Après tout cela, la Chambre devra agir en fonction de ce que produit le Sénat.
Thorn a écrit que le chef de la majorité au Sénat, John Thune, doit annoncer l’heure de parole au début du mois de juillet « au plus tard » pour qu’un vote en juillet soit réaliste.
Sans annonce de calendrier sur ce calendrier, la voie se déplace vers septembre – et septembre se heurte à une dynamique d’élections de mi-mandat qui rend difficile la programmation de votes controversés.
La concurrence pour le temps de parole s’est intensifiée. L’article 702 de la loi sur la surveillance des renseignements étrangers est devenu caduc le 12 juin après que le Congrès n’a pas réussi à obtenir une nouvelle autorisation, et un produit Grassley-Cotton-Warner a encore besoin de temps de parole.
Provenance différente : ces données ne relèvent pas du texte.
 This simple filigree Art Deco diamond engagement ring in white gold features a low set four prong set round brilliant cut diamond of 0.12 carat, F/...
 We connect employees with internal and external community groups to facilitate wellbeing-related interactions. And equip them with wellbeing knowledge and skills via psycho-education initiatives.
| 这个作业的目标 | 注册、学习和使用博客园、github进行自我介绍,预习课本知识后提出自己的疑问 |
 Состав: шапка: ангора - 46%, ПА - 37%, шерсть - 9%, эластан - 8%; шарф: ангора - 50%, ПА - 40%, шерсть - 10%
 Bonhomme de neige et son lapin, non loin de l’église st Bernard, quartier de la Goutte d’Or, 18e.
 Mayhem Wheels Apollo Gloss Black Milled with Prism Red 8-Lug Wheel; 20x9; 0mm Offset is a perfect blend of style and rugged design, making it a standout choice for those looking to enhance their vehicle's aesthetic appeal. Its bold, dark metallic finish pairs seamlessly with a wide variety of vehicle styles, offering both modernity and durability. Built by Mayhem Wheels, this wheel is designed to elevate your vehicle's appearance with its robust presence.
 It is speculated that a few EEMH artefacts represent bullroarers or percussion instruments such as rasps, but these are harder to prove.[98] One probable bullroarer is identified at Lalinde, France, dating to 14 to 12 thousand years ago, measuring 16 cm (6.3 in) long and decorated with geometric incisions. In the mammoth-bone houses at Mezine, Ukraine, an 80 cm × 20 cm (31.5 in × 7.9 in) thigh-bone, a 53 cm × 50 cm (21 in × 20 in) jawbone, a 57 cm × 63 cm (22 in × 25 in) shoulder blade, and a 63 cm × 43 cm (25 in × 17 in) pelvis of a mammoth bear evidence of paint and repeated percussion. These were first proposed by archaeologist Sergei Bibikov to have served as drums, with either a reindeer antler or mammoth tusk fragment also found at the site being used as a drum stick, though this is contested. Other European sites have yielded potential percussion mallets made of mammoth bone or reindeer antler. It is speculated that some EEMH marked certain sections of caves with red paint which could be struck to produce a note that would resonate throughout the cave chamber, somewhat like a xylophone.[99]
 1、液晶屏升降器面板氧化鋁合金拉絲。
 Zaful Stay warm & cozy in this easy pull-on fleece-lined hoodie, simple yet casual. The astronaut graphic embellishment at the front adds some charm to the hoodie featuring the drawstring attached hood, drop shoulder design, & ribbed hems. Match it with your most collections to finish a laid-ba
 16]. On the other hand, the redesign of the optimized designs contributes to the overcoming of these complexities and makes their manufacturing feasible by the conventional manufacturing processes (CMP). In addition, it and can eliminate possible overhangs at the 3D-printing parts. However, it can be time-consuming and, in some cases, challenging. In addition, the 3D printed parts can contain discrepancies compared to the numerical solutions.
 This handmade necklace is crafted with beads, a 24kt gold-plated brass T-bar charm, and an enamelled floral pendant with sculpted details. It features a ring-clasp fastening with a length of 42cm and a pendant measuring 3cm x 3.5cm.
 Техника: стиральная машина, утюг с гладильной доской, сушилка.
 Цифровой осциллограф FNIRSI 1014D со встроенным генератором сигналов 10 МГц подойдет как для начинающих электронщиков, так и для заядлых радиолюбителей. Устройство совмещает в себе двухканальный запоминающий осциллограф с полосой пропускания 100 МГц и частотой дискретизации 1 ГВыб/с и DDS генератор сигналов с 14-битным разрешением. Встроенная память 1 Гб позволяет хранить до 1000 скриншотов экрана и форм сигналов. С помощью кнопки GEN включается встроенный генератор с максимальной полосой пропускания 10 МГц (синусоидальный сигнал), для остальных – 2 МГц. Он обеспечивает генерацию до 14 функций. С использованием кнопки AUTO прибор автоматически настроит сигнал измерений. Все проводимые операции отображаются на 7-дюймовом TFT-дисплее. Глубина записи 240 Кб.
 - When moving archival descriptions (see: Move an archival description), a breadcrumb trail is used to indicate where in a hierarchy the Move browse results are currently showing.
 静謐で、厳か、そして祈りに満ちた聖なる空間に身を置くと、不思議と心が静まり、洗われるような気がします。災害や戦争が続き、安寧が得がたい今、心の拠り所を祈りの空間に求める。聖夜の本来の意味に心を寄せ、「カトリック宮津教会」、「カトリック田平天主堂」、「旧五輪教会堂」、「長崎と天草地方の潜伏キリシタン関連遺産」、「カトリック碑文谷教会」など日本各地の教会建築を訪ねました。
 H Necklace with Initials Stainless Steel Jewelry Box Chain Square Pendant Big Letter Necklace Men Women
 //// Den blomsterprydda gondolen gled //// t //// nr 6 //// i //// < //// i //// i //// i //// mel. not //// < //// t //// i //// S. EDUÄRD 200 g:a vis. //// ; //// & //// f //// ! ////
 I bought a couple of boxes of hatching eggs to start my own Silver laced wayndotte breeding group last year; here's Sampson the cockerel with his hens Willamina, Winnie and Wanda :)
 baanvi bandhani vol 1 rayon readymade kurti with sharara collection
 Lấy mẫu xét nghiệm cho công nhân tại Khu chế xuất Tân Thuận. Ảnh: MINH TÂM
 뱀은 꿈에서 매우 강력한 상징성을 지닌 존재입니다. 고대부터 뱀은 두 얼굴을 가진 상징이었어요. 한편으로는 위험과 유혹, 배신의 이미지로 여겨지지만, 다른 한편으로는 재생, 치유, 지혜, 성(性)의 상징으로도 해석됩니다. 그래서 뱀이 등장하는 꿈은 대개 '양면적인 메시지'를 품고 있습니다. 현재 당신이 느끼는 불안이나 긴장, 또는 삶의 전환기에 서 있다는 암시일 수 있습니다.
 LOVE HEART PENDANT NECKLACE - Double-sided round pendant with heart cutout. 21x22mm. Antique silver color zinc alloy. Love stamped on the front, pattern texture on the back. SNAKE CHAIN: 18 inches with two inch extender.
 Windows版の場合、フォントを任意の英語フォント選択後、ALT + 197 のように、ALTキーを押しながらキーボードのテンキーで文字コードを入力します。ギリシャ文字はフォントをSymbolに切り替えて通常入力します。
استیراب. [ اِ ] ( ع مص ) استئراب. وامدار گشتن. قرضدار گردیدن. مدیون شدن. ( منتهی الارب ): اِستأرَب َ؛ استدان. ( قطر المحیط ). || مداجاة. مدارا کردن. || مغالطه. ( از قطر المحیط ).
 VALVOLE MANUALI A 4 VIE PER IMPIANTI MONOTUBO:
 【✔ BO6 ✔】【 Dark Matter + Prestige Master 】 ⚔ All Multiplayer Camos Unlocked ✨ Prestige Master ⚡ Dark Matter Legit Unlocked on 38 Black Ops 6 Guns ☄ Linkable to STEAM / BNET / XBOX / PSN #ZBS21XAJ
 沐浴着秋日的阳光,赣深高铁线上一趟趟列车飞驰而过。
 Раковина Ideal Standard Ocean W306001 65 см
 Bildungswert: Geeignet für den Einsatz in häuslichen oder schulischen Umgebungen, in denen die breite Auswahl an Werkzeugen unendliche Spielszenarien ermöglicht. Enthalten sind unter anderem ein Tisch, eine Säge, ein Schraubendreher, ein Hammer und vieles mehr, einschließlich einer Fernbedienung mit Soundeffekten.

La loi sur l’autorisation de la défense nationale pour l’exercice 2027, un projet de loi annuel incontournable en matière de défense, reste également inachevée.
Et le 24 juin, le président Trump a annulé la signature prévue d’un projet de loi bipartite sur le logement qui a été adopté par 358 voix contre 32 à la Chambre et 85 contre 5 au Sénat, conditionnant sa signature à l’adoption par le Congrès de la loi SAVE, un projet de loi électorale sur la preuve de citoyenneté qui, selon Thune, manque de voix pour être adopté par la Chambre. Cette condition injecte un autre combat de leadership dans une file d’attente déjà remplie.
Le calendrier fait la une des journaux, mais le fond du projet de loi n’a pas été entièrement résolu. La question de l’éthique reste la question centrale en suspens : un amendement de Van Hollen sur les conflits d’intérêts a échoué par 11 voix contre 13 en commission, et les sénateurs Ruben Gallego et Cory Booker continuent de faire des normes d’éthique exécutoires une condition de leur soutien.
Thorn a écrit qu’au moins deux votes non républicains – Josh Hawley et Rand Paul – sont attendus, ce qui signifie que le soutien croisé démocrate n’est pas facultatif. Les sénateurs alignés sur les forces de l’ordre font également pression pour que d’autres changements soient apportés au langage de protection des développeurs au sein de la BRCA.
La note de Galaxy identifiait les conditions qui feraient remonter les chances : un accord public sur un texte combiné banque-agriculture, une résolution crédible des différends éthiques ou BRCA d’une manière qui verrouille un bloc démocrate durable, et un engagement plancher de la part des dirigeants pour juillet. Une annonce de calendrier dans les deux prochaines semaines, a écrit Thorn, ramènerait l’entreprise vers 60 % ou plus. Un silence persistant jusqu’à la mi-juillet le pousserait à la baisse.
Pour l’instant, le projet de loi attend au numéro 423 du calendrier du Sénat – réel, mais imprévu, dans une chambre qui ne cesse de trouver d’autres choses à faire.